Authoritarian regimes weaponise internet blackouts to stifle dissent
Photo: @eugenechystiakov via Unsplash
Internet blackouts have become a repressive tool regularly used by authoritarian regimes to stifle dissent and disrupt democratic processes.
On Thursday Ugandans went to the polls for presidential elections that saw the octogenarian incumbent President Yoweri Museveni seek to extend his 40-year rule with a seventh term in office. Two days earlier mobile phone and internet companies were instructed to suspend all internet services until further notice.

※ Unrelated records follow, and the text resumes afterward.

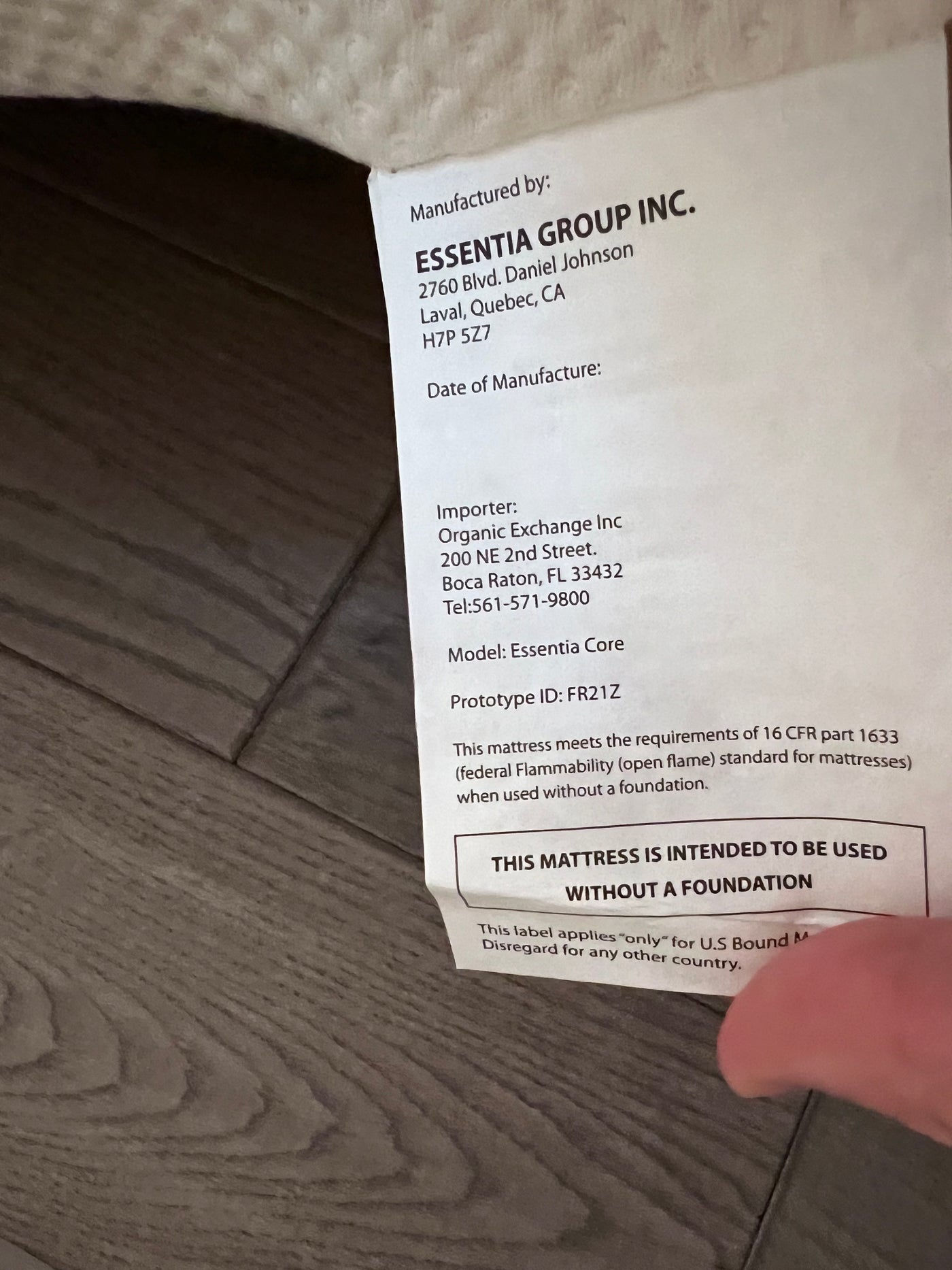 Essentia Dormeuse Fior Contour Organic Mattress, Queen (*retail $8,500).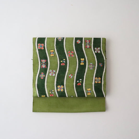 九寸名古屋帯「木版更紗 - よろけ縞」小島貞二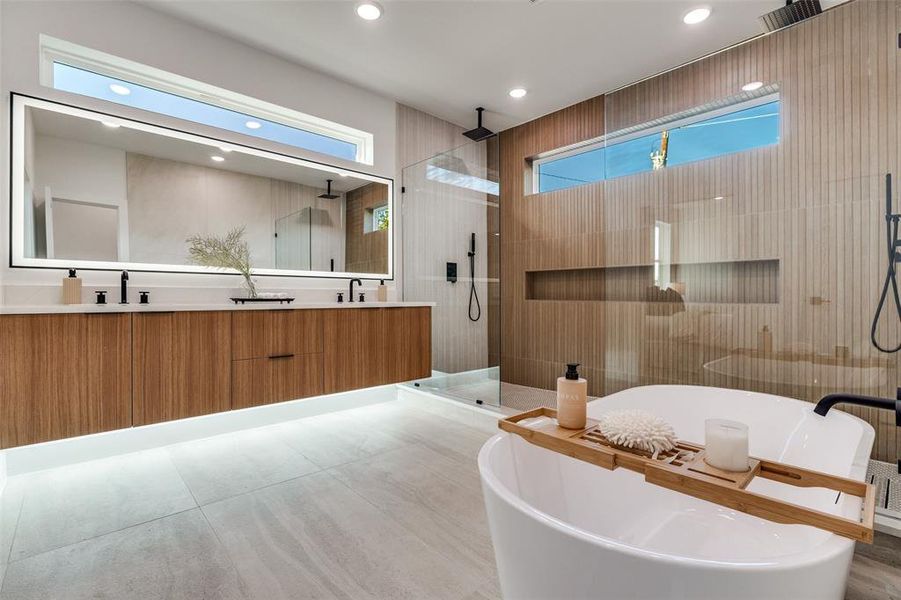 Modern Luxury Living with Rooftop & Unforgettable Dallas Skyline Views. Elevated urban living in this brand-new modern SFA home perfectly positioned along the scenic Santa Fe Trail—offering nearly 90 miles of biking, hiking & jogging right outside your door. Just minutes from White Rock Lake, Lower Greenville entertainment, Lakewood Shopping & Downtown, this home blends sophisticated design with everyday comfort. Soaring ceilings, floor-to-ceiling windows & a long waterfall quartz island define the open-concept living area. Designer details shine throughout—custom soft-close cabinetry with Blum European hinges, West Elm fixtures, smart LED lighting you can control from your phone, & a color-changing electric fireplace that sets the perfect mood. The spa-inspired primary suite feels like a five-star retreat with dual walk-in closets, fireplace, freestanding tub, dual shower heads, floating vanities, LED mirrors & imported tiles. Outdoors, enjoy a covered patio, private fenced yard & an amazing 400 SF rooftop terrace with water, power & panoramic Downtown views. Energy-efficient foam insulation, tankless water heater, casement windows, Energy Star appliances & EV hookup ensure comfort & savings year-round. Oversized 23ft garage fits a truck or could be home gym. Private gated entrance & full builder’s warranty included. Premier trail-side unit—no neighbor, extra light & endless views.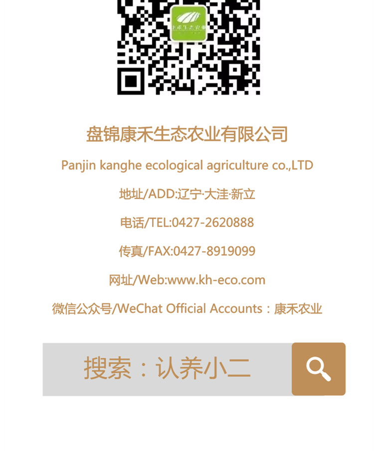 盤錦康禾生態農業有限公司立足于傳統農業的改革和創新,立志做國人放心的生態農產品。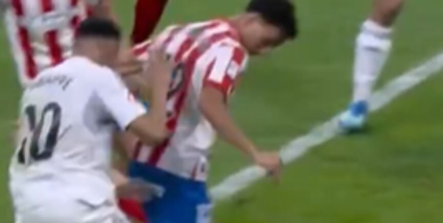 En el minuto 88, el francés se fue al suelo dentro del área quejándose de un 'codazo' del defensor gironí. Ni el colegiado del encuentro ni el VAR lo consideraron como penalti.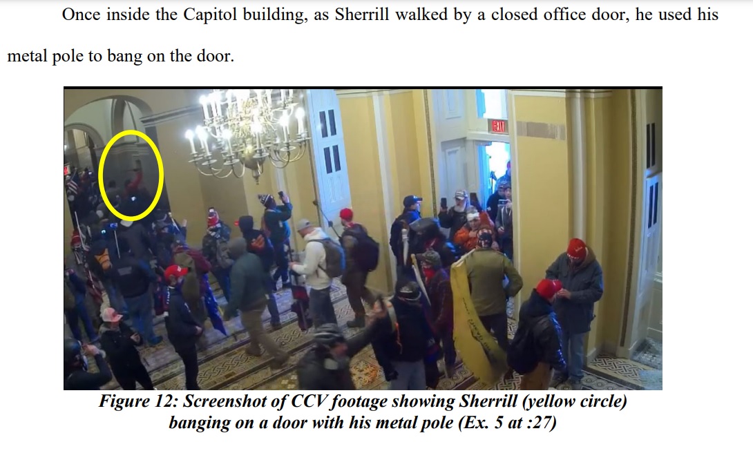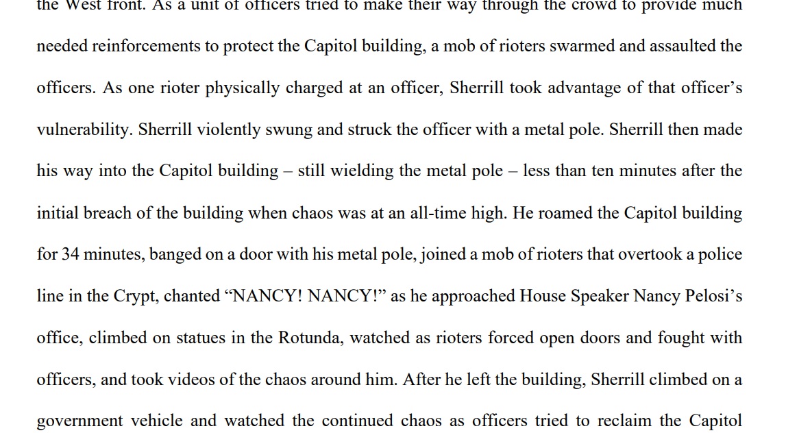 Justice Dept to seek 41 months prison in Jan 6 case of Grayson Sherill of N. Carolina, arguing he "banged on a door with his metal pole, joined a mob of rioters that overtook a police line in the Crypt, chanted “NANCY! NANCY!” as he approached Speaker Nancy Pelosi’s office".

The shutdown was preceded by a wave of violent crackdowns against Museveni’s political opponents and critics, including journalists and human rights groups.
The pretext for imposing a blackout was “strong recommendations” from security agencies that it was needed to prevent incitement of violence and spreading misinformation, according to a letter from the Uganda Communications Commission to telecoms companies.
The main opposition party led by former pop star Bobi Wine accused Museveni of using the shutdown to help him “steal the election”. A similar blackout was imposed in Uganda’s 2021 elections, which Museveni won by 59 percent, a victory described as fundamentally flawed by foreign observers. Ahead of this week’s shutdown, Wine urged supporters to download the Bitchat app “for communication in case the regime disables the internet ahead of #ProtestVote2026”. Bitchat allows users near each other to communicate via Bluetooth networks without the internet.
A similar, week-long blackout was imposed during Tanzania’s elections last October, which saw security forces gun down hundreds of opponents. In poll widely condemned as a sham, the incumbent, President Samia Suluhu Hassan, won an improbable 98 percent of the votes.
In Iran, where protests against an economic meltdown and lack of political freedoms erupted in late December and being met with bloody crackdowns, the internet has been shut down since January 8. Iran uses several methods to impede the free flow of information with varying degrees of success. These include blocking the use of VPNs, using a state-run domestic internet network, and disrupting access to smuggled Starlink terminals, which are banned in the country, possibly by jamming their GPS signals and thereby making it more difficult for them to find overhead satellites.